Repeat the listing word for word, but skip any pictures.

--- Data extract ---
==*==

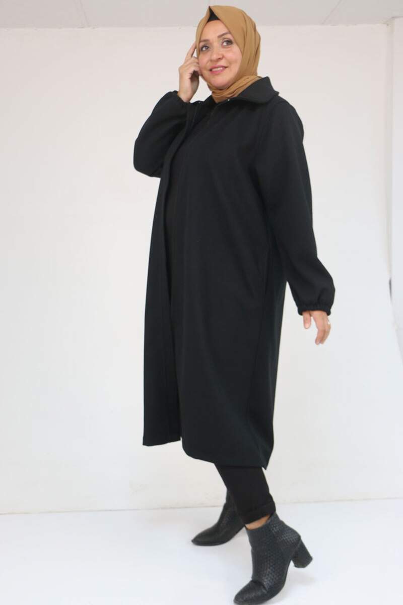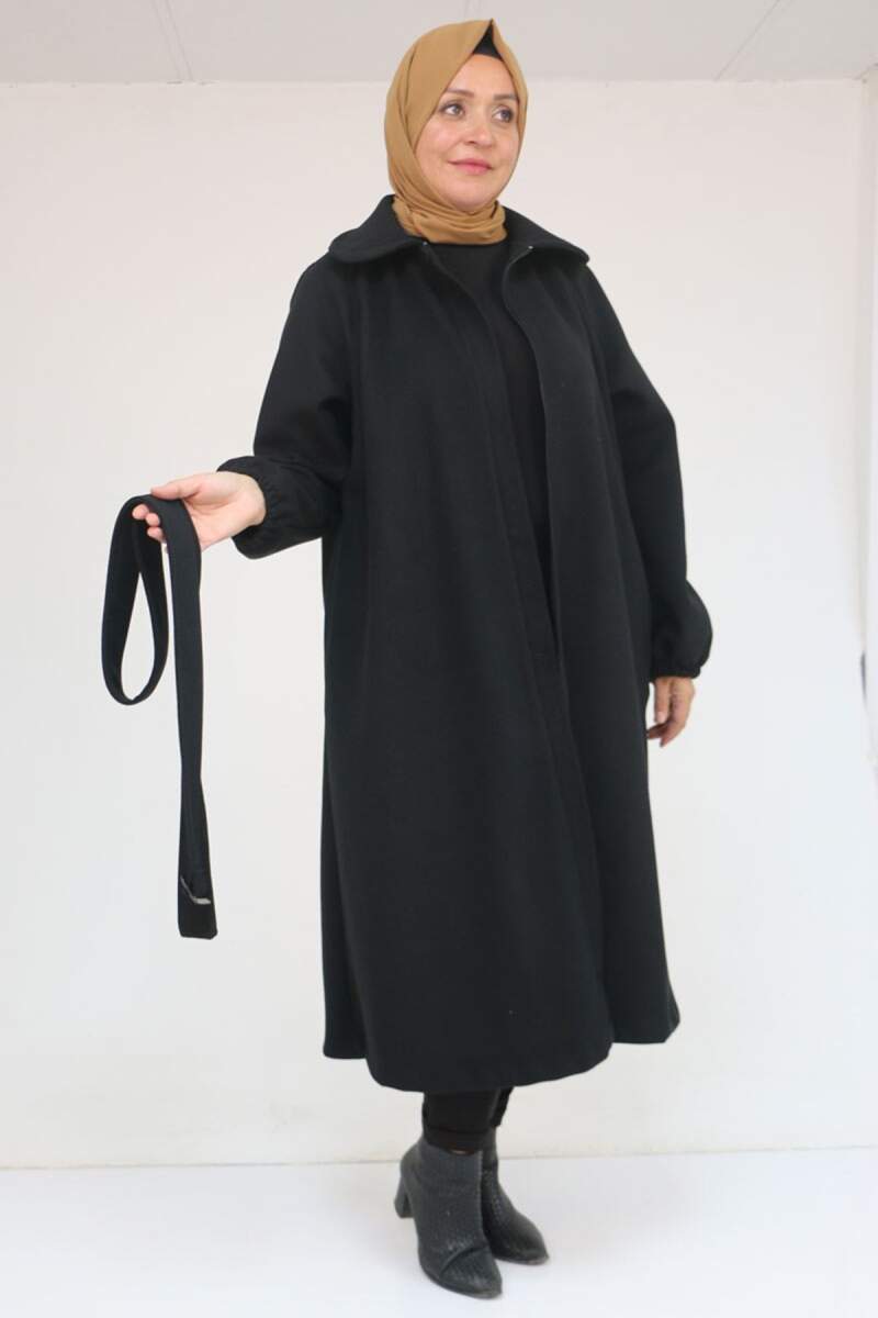 43090 Büyük Beden Yakalı -Kuşaklı Kolu Lastikli Kaşe Kaban - Siyah
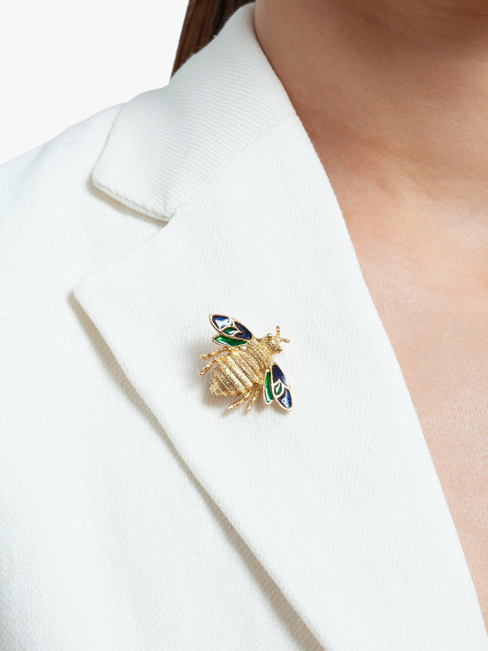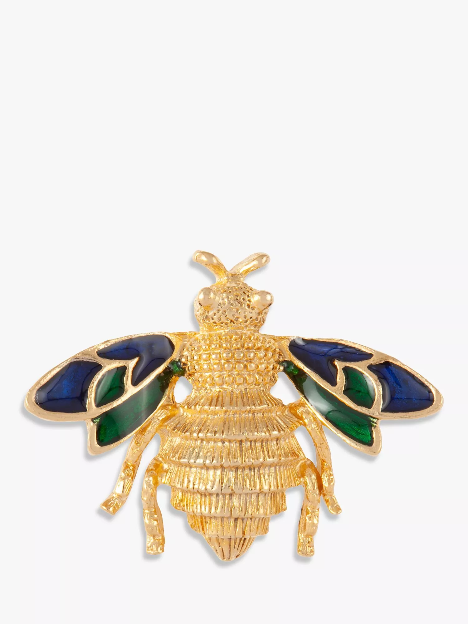 This gold-plated bee brooch features green and blue enamel wings with intricate detailing. It closes with a safety-catch pin.
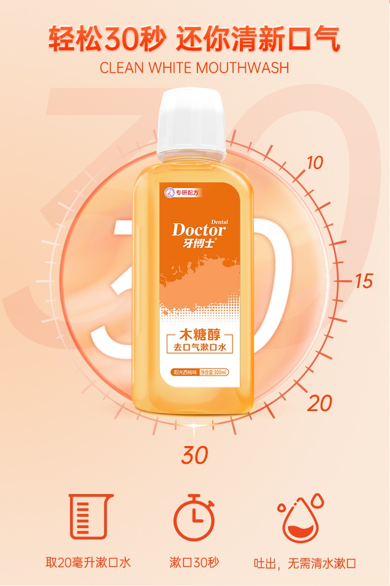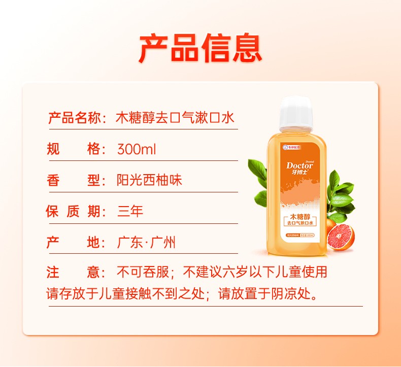 商品名称:Doctor/牙博士木糖醇去口气漱口水-西柚味300ml*3瓶

==*==

--- Solution ---
 43090 Büyük Beden Yakalı -Kuşaklı Kolu Lastikli Kaşe Kaban - Siyah
 This gold-plated bee brooch features green and blue enamel wings with intricate detailing. It closes with a safety-catch pin.
 商品名称:Doctor/牙博士木糖醇去口气漱口水-西柚味300ml*3瓶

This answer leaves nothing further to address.